Bij de voorbereiding van een (voor)ontwerp bestemmingsplan dient overleg te worden gevoerd als bedoeld in artikel 3.1.1 Bro. Dit is het vooroverleg, waarin het conceptplan wordt voorgelegd aan het waterschap en aan die diensten van provincie en Rijk die betrokken zijn bij de zorg voor de ruimtelijke ordening of belast zijn met de behartiging van belangen welke in het plan in het geding zijn.

Op basis van artikel 3.1.6 Bro dient verslag te worden gedaan van de wijze waarop burgers en maatschappelijke organisaties bij de voorbereiding van het bestemmingsplan zijn betrokken. Dit is de inspraak. Van (formele) inspraak kan, zeker bij wat kleinere plannen, worden afgezien. De gemeentelijke inspraakverordening is daarbij ook van belang. De gemeente Rhenen houdt bij kleinschalige plannen zoals het voorliggende plan geen formele inspraakprocedure.

Een ontwerpbestemmingsplan dient conform afdeling 3.4 Awb gedurende 6 weken ter inzage gelegd te worden. Hierbij is er de mogelijkheid voor een ieder om zienswijzen in te dienen op het plan. Na vaststelling door de Raad wordt het vaststellingsbesluit bekend gemaakt. Het bestemmingsplan ligt na bekendmaking 6 weken ter inzage. Gedurende deze termijn is er de mogelijkheid voor belanghebbenden beroep in te dienen bij de Afdeling bestuursrechtspraak Raad van State. Het bestemmingsplan treedt vervolgens daags na afloop van de tervisielegging in werking als er geen beroep is ingesteld.

6.2 Verslag vooroverleg ex artikel 3.1.1 Bro

Er zijn vooroverlegreacties ontvangen van de Provincie Utrecht, de Veiligheidsregio Utrecht, Hoogheemraadschap De Stichtse Rijnlanden en de Gasunie.

De Provincie Utrecht heeft nadere informatie gevraagd over de reden waarom het dierenverblijf in het plangebied is gerealiseerd, aangezien dit in strijd lijkt met het bestemmingsplan 'Buitengebied Rhenen'. In 1970 is het dierenverblijf middels een vergunning gerealiseerd. Het gebouw is toen aangevraagd als agrarisch bijgebouw. Op basis hiervan kan geconcludeerd worden dat het dierenverblijf dus niet illegaal is gerealiseerd. Aangezien er geen agrarisch bedrijf meer aanwezig is, is het meest doelmatige gebruik van het bijgebouw een functie behorende bij het wonen. Vandaar dat de voorliggende herziening is opgestart. Daarnaast heeft de Provincie verduidelijking gevraagd over het opnemen van bouwregels, terwijl er geen woning mag worden toegevoegd. Er zijn enkel bouwregels opgenomen voor bijbehorende bouwwerken en bouwwerken, geen gebouwen zijnde. Het plangebied zal deel uit gaan maken van het achtererfgebied van de woning, waardoor deze bouwmogelijkheden zijn opgenomen. Naar aanleiding van een opmerking van de Provincie over een in het bestemmingsplan opgenomen artikel over een uitzonderingsregel op het strijdig gebruik ten behoeve van evenementen en dergelijke, is dat artikel verwijderd.
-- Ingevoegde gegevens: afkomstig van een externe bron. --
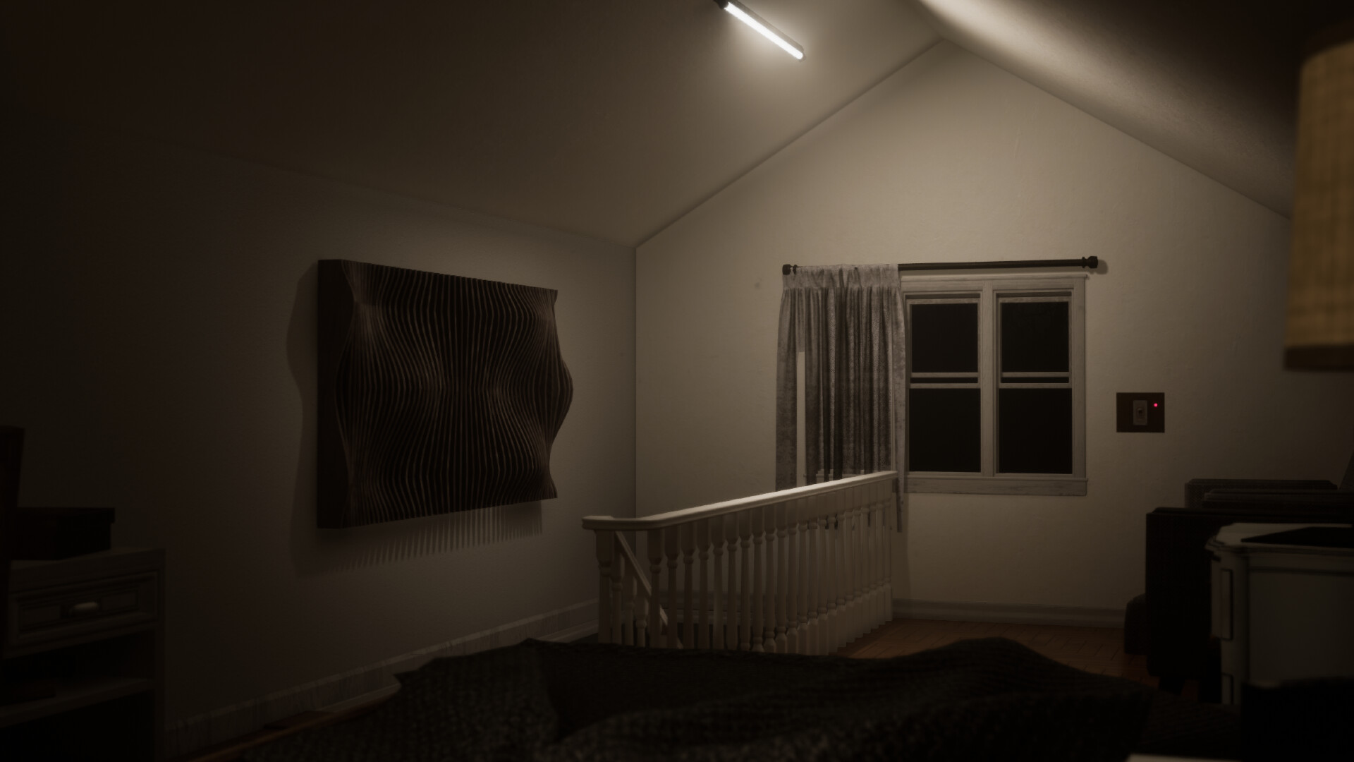 Survivors will be have to work together to defend their home from the Stranger. The survivors will be given 2 locks to share as a team at the start of the game that can be placed on the windows and picked up along with one permalock that can't be picked up. You must use your equipment which includes spotlights, security system, locks and more to find where the Stranger is attacking and lock that window before its to late. If you successfully lock the window in time don't rest for long because the Stranger will come again. You must survive until 6am.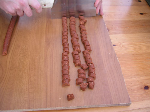 морозильник, для придания ему твердости, что облегчает нарезку. После этого я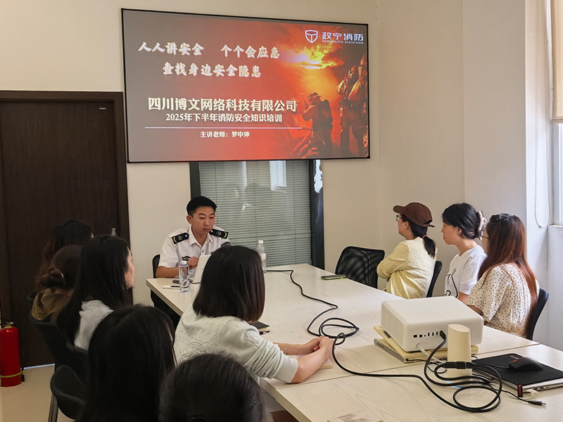 2025年9月20日上午,四川博文網(wǎng)絡(luò)科技有限公司開展以“人人講安全、個(gè)個(gè)會(huì)應(yīng)急——查找身邊安全隱患”為主題的消防安全培訓(xùn)。本次培訓(xùn)活動(dòng)特邀遂寧政寧消防專業(yè)教官羅中坤擔(dān)任主講,面向公司全體員工,系統(tǒng)開展消防安全知識(shí)宣講與應(yīng)急技能實(shí)操訓(xùn)練,進(jìn)一步夯實(shí)企業(yè)安全文化建設(shè),提升員工自我防護(hù)與突發(fā)火情應(yīng)對能力。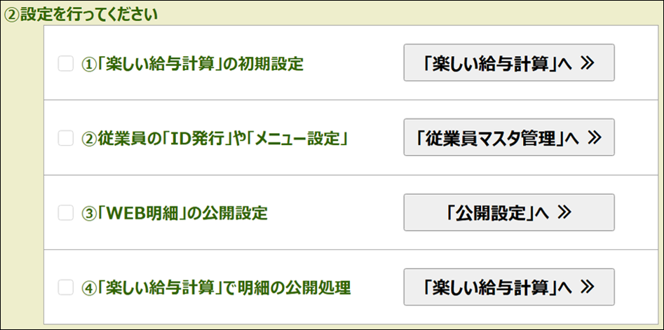従業員マスタ管理の初期設定を行ってください。詳細は、従業員マスタ管理の初期設定をご覧ください。
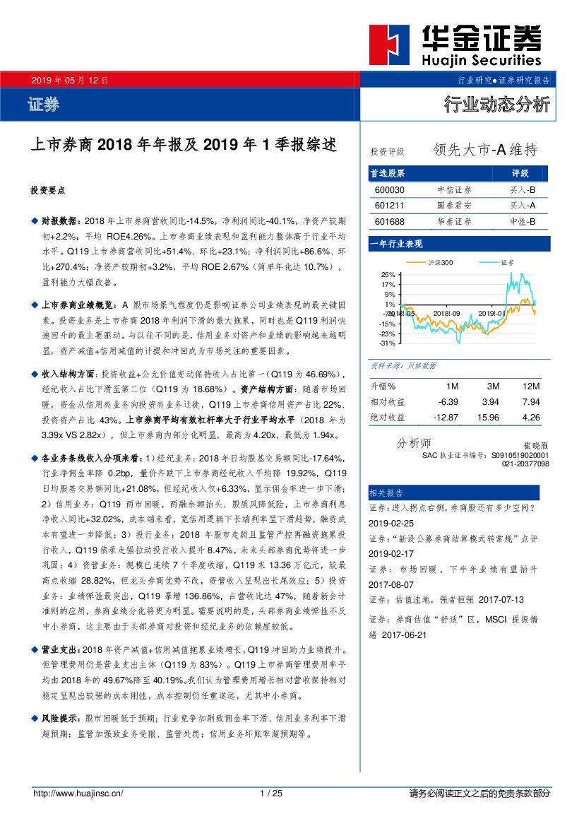 华金证券:上市券商2018年年报及2019年1季报综述.pdf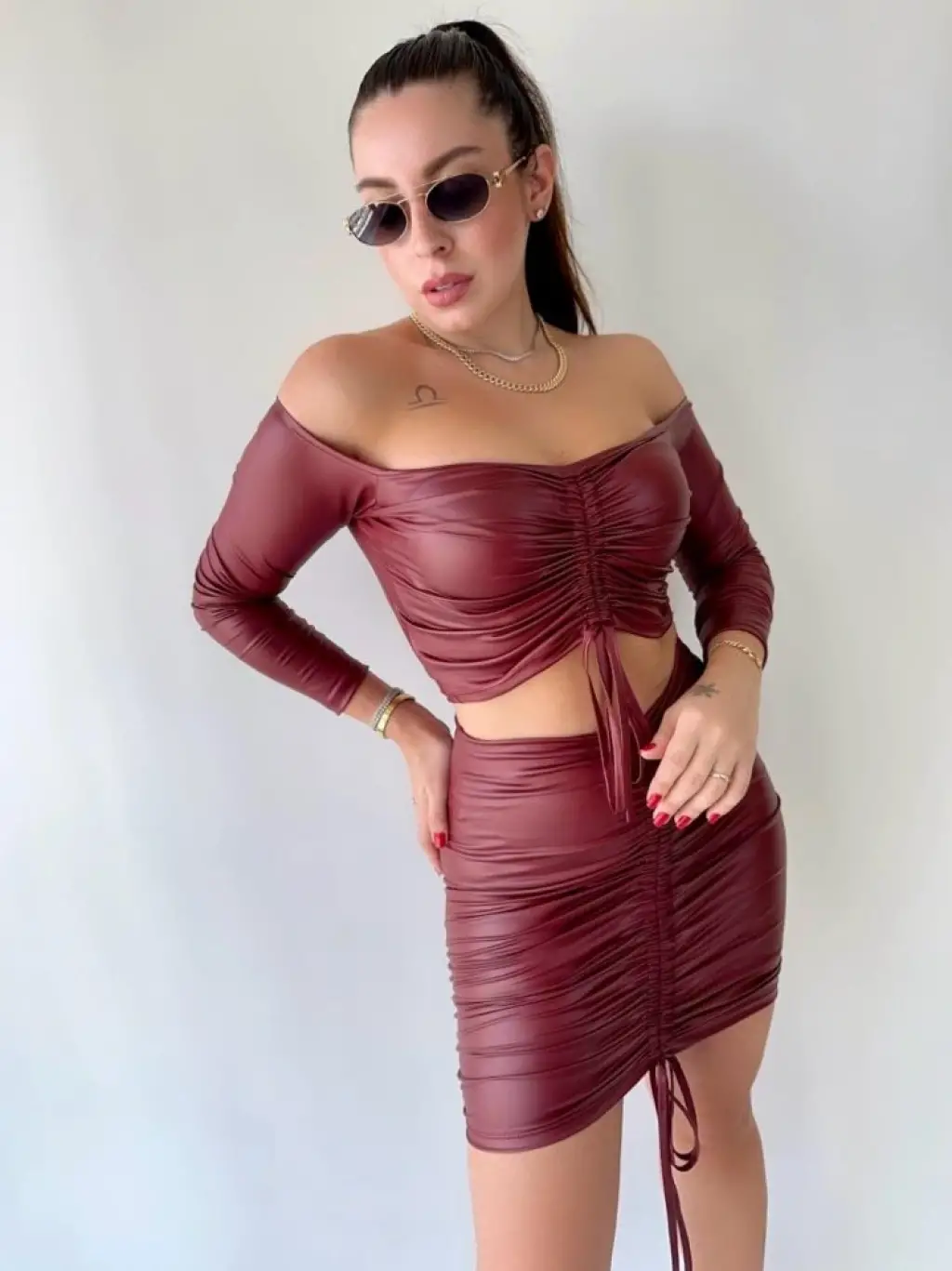 Kadın Büzgülü Deri Etek Takım Fırsat Ürün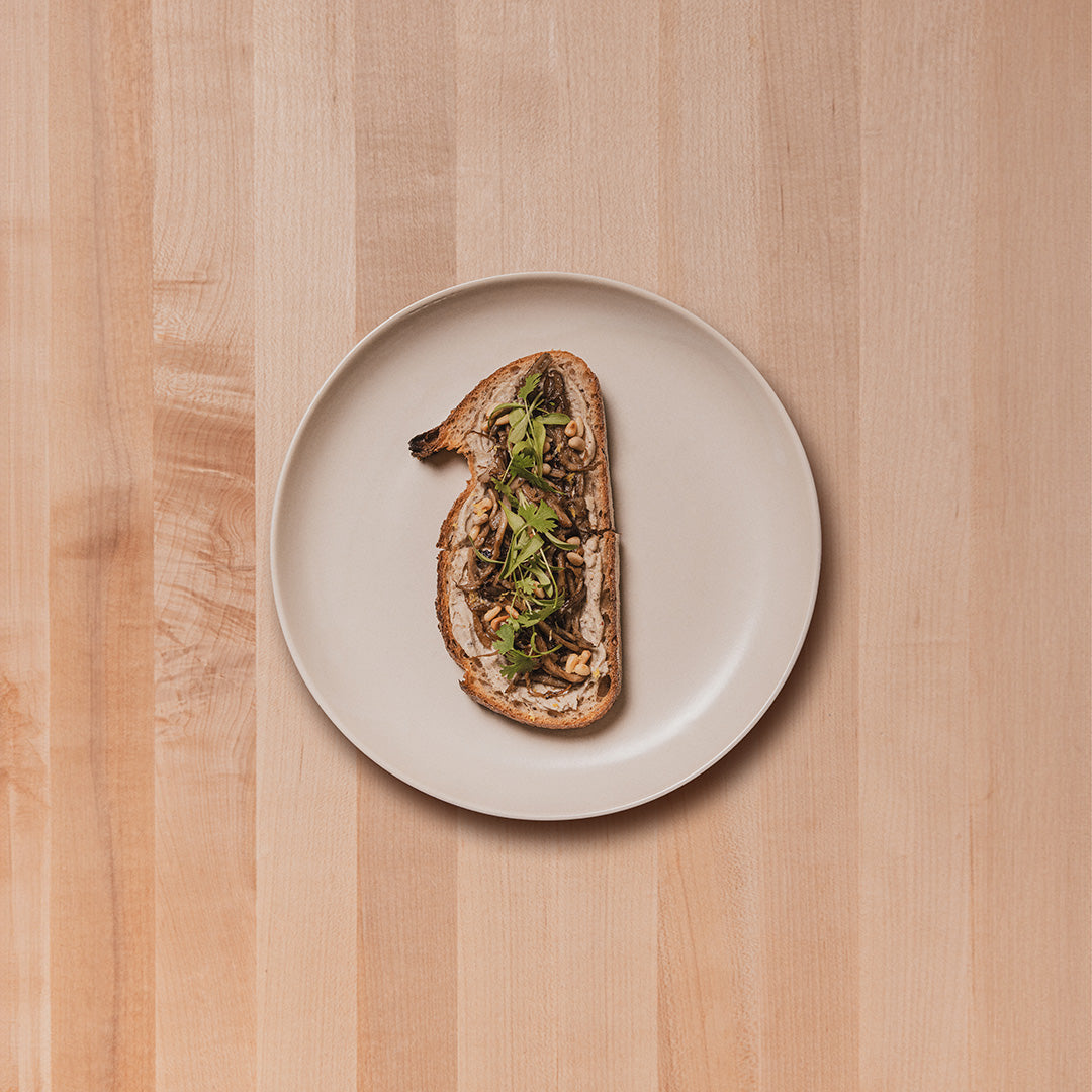 Hongos ostra salteados con chalota, jeréz y miel de miso. Sobre una base de queso pimienta rosada de Casa Planta, coronado con brotes de cilantro y piñones tostados con pan Country Loaf.

De Veiligheidsregio Utrecht heeft aangegeven dat het plangebied binnen een routering van gevaarlijke stoffen over de Veenendaalsestraatweg (N416) ligt, maar dat er gezien de beperkte vervoersintensiteiten en het ontbreken van (beperkt) kwetsbare objecten in het plangebied geen maatregelen nodig zijn met betrekking tot externe veiligheid. Het Hoogheemraadschap De Stichtse Rijnlanden en de Gasunie hebben aangegeven geen opmerkingen of aandachtspunten met betrekking tot het bestemmingsplan te hebben.

6.3 Verslag zienswijzen

Het ontwerpbestemmingsplan heeft ter inzage gelegen van donderdag 16 november 2017 tot en met woensdag 27 december 2017. Binnen de termijn van terinzagelegging zijn tegen het ontwerpbestemmingsplan geen zienswijzen ingediend.